これまで見てきたものとは、明らかに違っていた。
「では、少しだけ“分かって”いただきましょう」
「な、何を――」
言い終わる前に。
「誰か」
カシアンが、軽く指を鳴らす。
次の瞬間。
音もなく、数人の男たちが室内に現れた。
気配すら感じさせなかった。
その動きは、明らかに訓練されたもの。
「ひっ……!」
ジュリアンが後ずさる。
「な、なんだお前たちは……!」
「我が領の兵です」
カシアンが淡々と答える。
「最低限の礼儀は心得ておりますので、ご安心を」
「どこがだ!?」
叫ぶ。
けれど、その声は震えている。
「さて」
カシアンはゆっくりと歩み寄る。
「まずは、状況の確認から始めましょうか」
「じょ、状況……?」
「ええ」
頷く。
「あなたが今、どこにいるのか」
指を一つ、立てる。
「ここは、私の領地です」
二本目。
「そして、あなたは無断で立ち入っている」
三本目。
「さらに、私の妻に対して不敬な言動を繰り返した」
指を下ろす。
「以上です」
あまりにも簡潔なまとめ。
けれど、その内容は――
(完全に詰んでおりますわね)
どこからどう見ても、言い逃れはできない。
「ま、待て……!」
ジュリアンが必死に手を振る。
「これは誤解だ! 俺はただ――」
「連れ戻そうとした?」
カシアンが首を傾げる。
「許可なく?」
「それは……!」
「力ずくで?」
「そ、それは……!」
「なるほど」
納得したように頷く。
「やはり、問題ですね」
「違う! 話を聞け!」
必死の叫び。
けれど。
カシアンは、もう聞いていなかった。
「拘束を」
短く命じる。
「はっ」
兵たちが動く。
「や、やめろ! 離せ!」
ジュリアンが暴れる。
けれど、訓練された兵に敵うはずもない。
あっという間に押さえ込まれる。
「シルヴィア! 助けてくれ!」
こちらに縋るような声。
私は一瞬だけ、彼を見て――
「お断りいたしますわ」
にっこりと微笑んだ。
「な……っ」
「先ほど申し上げましたでしょう?」
穏やかに続ける。
「私はここにいる、と」
それが、答え。
ジュリアンの顔から、血の気が引いていく。
完全に、理解したのだろう。
味方はいない、と。
「さて」
カシアンが、再び口を開く。
「処分ですが」
その一言で、空気がさらに重くなる。
兵たちの動きも、ぴたりと止まる。
「不法侵入、侮辱、誘拐未遂」
淡々と罪状を並べる。
「通常であれば、相応の罰を与えるべきでしょう」
「ま、待て……頼む……!」
ジュリアンが、必死に懇願する。
「金なら出す! いくらでも――」
「必要ありません」
即答。
冷たいほどに。
「あなたの価値は、そこにはありませんので」
「な……」
言葉を失う。
そして。
カシアンは、ゆっくりと視線を外した。
窓の外――黒薔薇の庭へと。
「……肥料にする、というのも一案ですが」
ぽつりと、呟く。
その言葉に。
室内の全員が、凍りついた。
(……ああ)
私は静かに目を細める。
(本気、ですわね)
冗談ではない。
文字通りの意味で言っている。
「や、やめろ……!」
ジュリアンの声が、裏返る。
「やめてくれ……!」
恐怖に染まった顔。
つい先ほどまでの尊大さは、跡形もない。
けれど。
(ここで放置すると、少々面倒ですわね)
私は一歩、前に出た。
「カシアン様」
静かに呼びかける。
彼の視線が、こちらへと戻る。
「貴女が前に出る必要はありません。

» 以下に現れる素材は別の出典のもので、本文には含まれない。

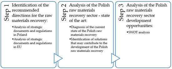 Step 2: Analysis of the Polish raw materials recovery, including the diagnosis of the current state of the Polish raw materials recovery and identification of solutions that may contribute to its development. The detailed analysis of the state of the art in this area was conducted with the use of a desk research method. It focused on an inventory and analysis of the documents (papers, reports) related to waste management and raw materials recovery. The analyzed papers included reviewed articles published in scientific national and international databases, such as BazTech, Polish Scientific Bibliography, Elsevier Scopus, Elsevier Science Direct, Multidisciplinary Digital Publishing Institute (MDPI) and Google Scholar. The analyzed reports included the reports published by the Polish entities operating in the area of the raw materials sector, the waste sector and conducting analyses of the activities of domestic enterprises, including the Polish Agency for Enterprise Development and the Statistics Poland.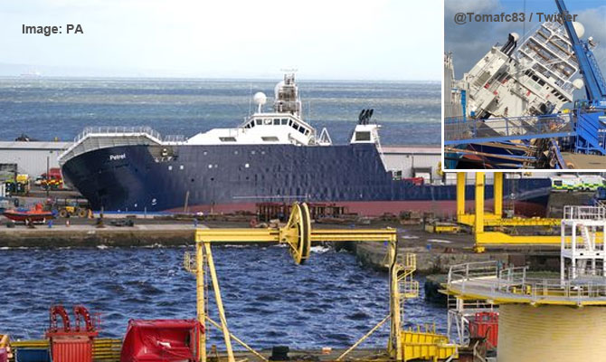 Araştırma gemisi PETREL, 22 Mart sabahı İskoçya'nın Edinburgh kentindeki kuru havuzda şiddetli rüzgar nedeniyle alabora oldu.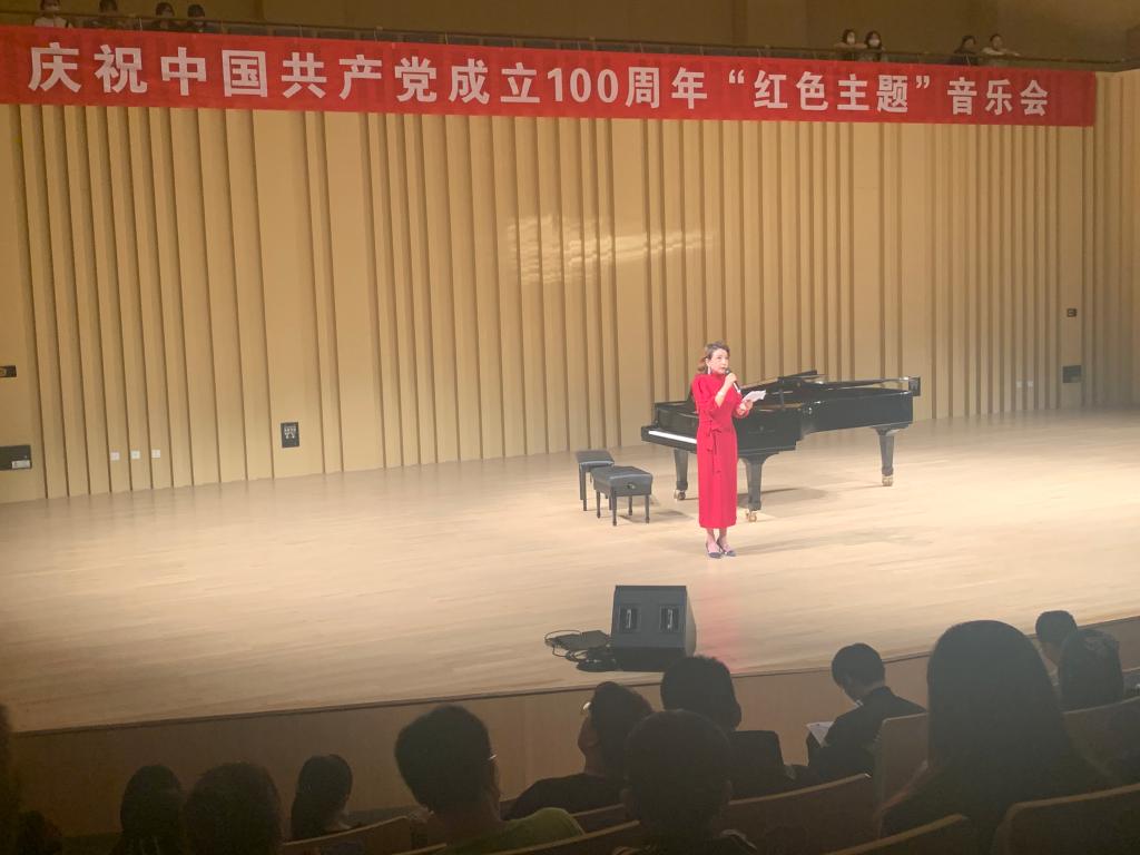 在中国共产党建党百年之际,“红色主题”专场音乐会充分展示了百年大党的光辉历程和伟大成就,用歌唱红色音乐作品来深化党史学习教育、增强党性修养、坚定理想信念、增强爱国主义情怀。音乐会上,陈春华教授和杨小棠副教授分别演唱了《唱支山歌给党听》、《映山红》、《共筑中国梦》、《走进新时代》等红色歌曲,表达了对英雄的怀念和现在美好生活的珍惜。演唱语言深情、朴实、激动,受到了广大观众和社会各界的一致好评。整场音乐会贯穿“不忘初心,牢记使命”“学习百年党史,汲取前进力量”的红色主题,是陕西高校广大师生向建党百年的献礼,音乐会在《不忘初心》和《我爱你中国》的歌声中圆满落下帷幕。

ここにいて下さい」
その声音は穏やかなのに、拒絶を許さない響きを帯びていた。
「ええ、それはそうですが、非効率ではありませんこと?」
「……非効率?」
「ええ」
頷く。
「一時的な感情で処分しても、利益は生まれませんもの」
淡々と告げる。
「どうせなら、より有効に活用すべきかと」
カシアンが、わずかに目を細める。
興味を示した証拠。
「例えば?」
「社会的信用の剥奪、資産の差し押さえ、取引先への影響」
一つずつ挙げる。
「段階的に追い詰めた方が、長期的な利益になりますわ」
ジュリアンの顔が、さらに青ざめる。
理解したのだろう。
こちらの方が、よほど恐ろしいと。
「……なるほど」
カシアンが、ゆっくりと頷いた。
「確かに、その通りですね」
あっさりと同意する。
先ほどまでの殺気が、すっと引いていく。
「では、そのように」
「ええ」
私は微笑んだ。
「その方が、よろしいかと」
(扱いやすい方でよかったですわ)
そう結論づけたシルヴィアは、わずかに微笑んだ。
こうして。
黒薔薇の逆鱗は、収まった。
――ただし。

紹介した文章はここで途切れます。